The price tag for the long-delayed expansion of Slovakia’s Mochovce nuclear power plant (NPP) continues to balloon beyond government projections.
New Slovakian Economy Minister Peter Ziga recently told international media that increased safety measures would push the cost of building two reactors at the Mochovce NPP above the 4.6 billion euros (US$5.3 billion) approved by the government. That figure was already well beyond the expansion’s initial price tag of 2.4 billion euros (US$2.7 billion).
Ziga’s comments followed a meeting with executives from state-owned utility Slovenske Elektrarne, which operates Mochovce. The minister did not say how much the project was over budget.
The Slovak state owns 34% of Elektrarne Slovenske and must approve any budget changes at the utility. Italian energy giant Enel, which owns the rest of the company, said it was developing a new cost analysis for the Mochovce expansion, according to international media reports.
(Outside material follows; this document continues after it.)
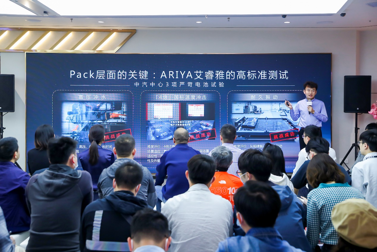 不久前,ARIYA艾睿雅通过了中国汽车技术研究中心有限公司(以下简称“中汽中心”)“高压冲水、4倍国标温度冲击、耐久振动”三大严苛考验,以“无水渗漏入电池包内、电池包功能正常、内外部无结构性损伤、气密性保持完好、螺栓扭矩无明显衰减”的优异成绩,顺利通过中汽中心的电池安全挑战。

The cost overruns come amid tough times for Slovenske Elektrarne. In 2015, the utility reported its worst profit result in a decade owing to soft global electricity prices.
The Mochovce expansion has been delayed for years, largely because of European safety concerns about nuclear power after the Fukushima disaster, driving up the price tag and infuriating the Slovak government.
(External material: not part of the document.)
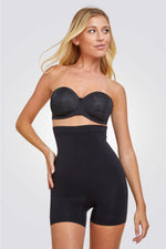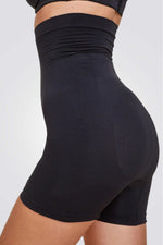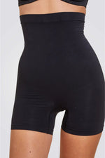 מכנס מחטב בצבע שחור רגל קצרה עם מותן גבוהה

In 2016, Slovak Prime Minister Robert Fico threatened to block Enel’s efforts to sell its 66% share in Slovenske Elektrarne if it did not complete the expansion.
Largely as a result, Enel decided to sell in two stages – a minority stake initially and the rest after Mochovce’s two units are built, currently projected for 2018.
In December, Enel reached a deal to sell its stake to Czech power firm EPH under these terms.
However, Bratislava has negotiated a deal whereby it can raise its share in Slovenske Elektrarne to 51% within six months of the completion of Mochovce expansion. If EPH ever decides to cash out of Slovenske Elektrarne, meanwhile, the Slovak government has priority to buy the stake.